Marked increase in dental erosion reported in Denmark

COPENHAGEN, Denmark: A survey conducted by the Danish Dental Association has revealed that dental erosion is increasing among the population. The association said that the finding was concerning and linked it to an increase in the consumption of sugary beverages. However, a new government initiative that extends free dental care to those aged 18–21 may help to combat the problem.

Danish Dental Association Chairman Dr Susanne Kleist says that the increase in cases of dental erosion is a clear threat to the oral health of future generations in Denmark. (Image: Danish Dental Association)

Of the nearly 1,000 dentists surveyed, half reported that they had seen an increase since 2019 in the number of patients presenting with acid damage to their teeth. The study drew on research by the Danish National Food Institute that showed that the sales of soft drinks have increased dramatically in the last decade. In this regard, Danish English-language news site CPH Post reported that sales of soft drinks in Denmark have increased by 24% since 2012 and sales of energy drinks by nearly fivefold between 2010 and 2019.

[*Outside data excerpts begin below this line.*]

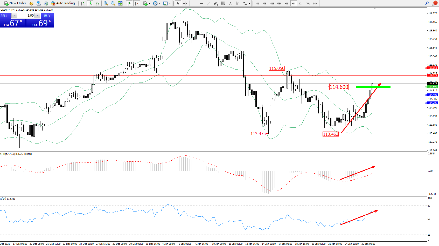 交易策略:114.600上方看涨,目标114.875、115.050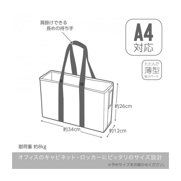 A4対応サイズなので、A4サイズの書類やフォルダの収納にぴったり。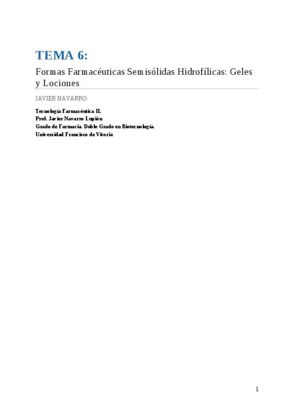 He publicado nuevos apuntes de 4º Tecnología Farmacéutica II: TEMA6FormasSemisolidasHidrofilicas.docx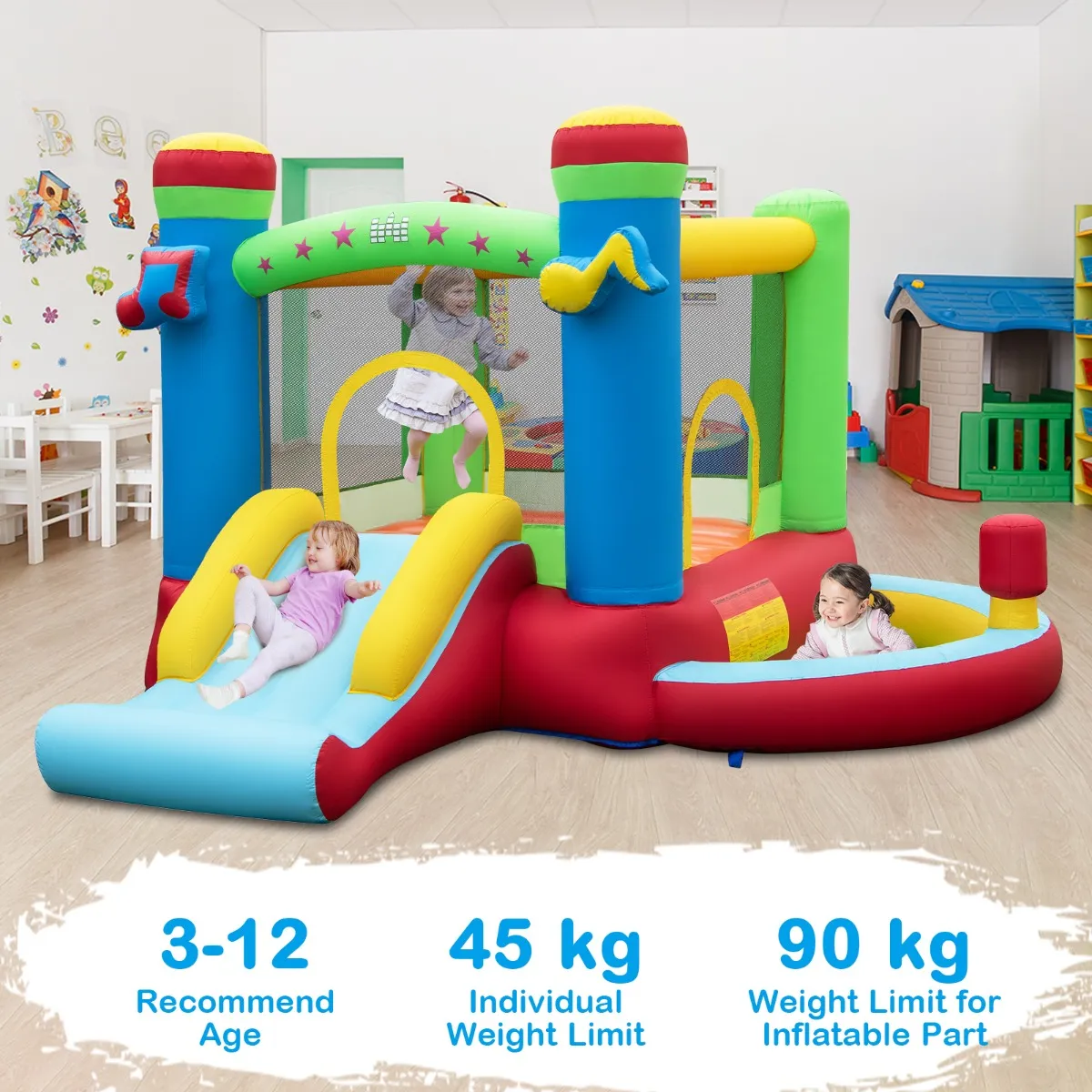 【Duik in een muzikale speeltuin】: Dit springkasteel met muziekthema is ontworpen om je kleintjes te vermaken, perfect voor feestjes, familiebijeenkomsten of alledaags spel in de tuin of op het gazon. Het springgedeelte biedt veel ruimte voor springplezier, terwijl de aangebouwde glijbaan een extra dosis sensatie toevoegt.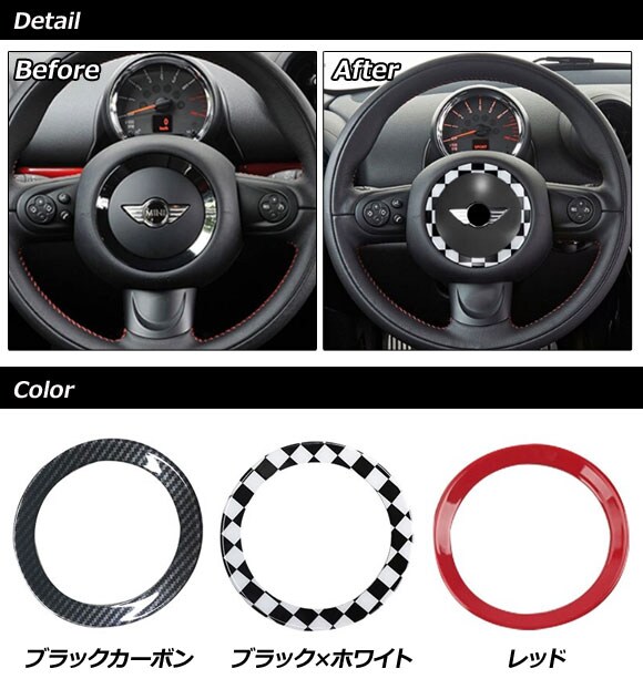ステアリングエンブレムフレーム MINI(BMW) R55/R56/R57/R58/R59/R60/R61 2007年~2014年 ブラック×ホワイト ABS製 AP-IT3051-BKWH

“With summer now in full swing, and more fizzy drinks being consumed to beat the heat, dentists are warning people to be careful how they quench their thirst,” CPH Post wrote.

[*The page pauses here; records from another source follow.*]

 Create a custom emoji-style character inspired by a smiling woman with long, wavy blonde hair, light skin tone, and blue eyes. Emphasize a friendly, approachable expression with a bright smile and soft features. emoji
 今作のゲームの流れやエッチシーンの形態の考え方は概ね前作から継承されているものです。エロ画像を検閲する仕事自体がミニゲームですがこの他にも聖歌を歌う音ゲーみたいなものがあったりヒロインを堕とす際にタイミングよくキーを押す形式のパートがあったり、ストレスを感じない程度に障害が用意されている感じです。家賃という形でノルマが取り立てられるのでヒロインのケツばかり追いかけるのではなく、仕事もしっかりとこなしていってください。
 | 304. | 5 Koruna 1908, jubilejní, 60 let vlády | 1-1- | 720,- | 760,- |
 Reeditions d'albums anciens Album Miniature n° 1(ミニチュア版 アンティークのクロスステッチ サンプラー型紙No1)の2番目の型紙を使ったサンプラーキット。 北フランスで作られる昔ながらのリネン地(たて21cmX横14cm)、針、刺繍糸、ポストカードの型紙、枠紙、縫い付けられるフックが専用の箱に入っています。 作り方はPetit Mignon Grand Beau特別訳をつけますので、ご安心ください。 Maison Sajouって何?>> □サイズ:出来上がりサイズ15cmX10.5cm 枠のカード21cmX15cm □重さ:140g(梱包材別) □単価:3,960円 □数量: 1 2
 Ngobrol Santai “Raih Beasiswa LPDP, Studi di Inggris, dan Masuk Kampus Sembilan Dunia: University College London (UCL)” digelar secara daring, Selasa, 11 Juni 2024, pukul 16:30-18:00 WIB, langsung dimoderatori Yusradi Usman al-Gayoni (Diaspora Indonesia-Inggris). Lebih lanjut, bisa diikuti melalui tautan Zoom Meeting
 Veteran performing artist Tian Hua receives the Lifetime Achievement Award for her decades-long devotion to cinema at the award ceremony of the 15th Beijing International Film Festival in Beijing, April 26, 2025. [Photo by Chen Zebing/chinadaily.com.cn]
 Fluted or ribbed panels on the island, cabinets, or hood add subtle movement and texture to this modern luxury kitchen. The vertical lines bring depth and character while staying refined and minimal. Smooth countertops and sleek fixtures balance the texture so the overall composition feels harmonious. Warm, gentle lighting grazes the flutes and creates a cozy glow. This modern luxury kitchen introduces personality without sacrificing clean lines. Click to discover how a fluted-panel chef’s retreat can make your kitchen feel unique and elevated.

Danish Dental Association Chairman Dr Susanne Kleist told Dental Tribune International that she found the study results surprising and concerning. “This is without doubt a threat to the dental health of future generations. We have an important task ahead of us. We need to inform our patients about dental erosion and how it occurs and advise young people about responsible consumption of soft drinks in particular.”

A new government policy that affords free dental visits to young adults came into effect on 1 July. In its 2022 budget, the Danish government earmarked DKK 102.2 million (€13.7 million) for the provision of free dental care to 18- to 21-year-olds. That figure will increase incrementally until 2025, when it will reach DKK 413 million (€55.5 million).

A study of dental visits in Denmark between 2012 and 2016 found that 40% of the adult population did not visit the dentist annually.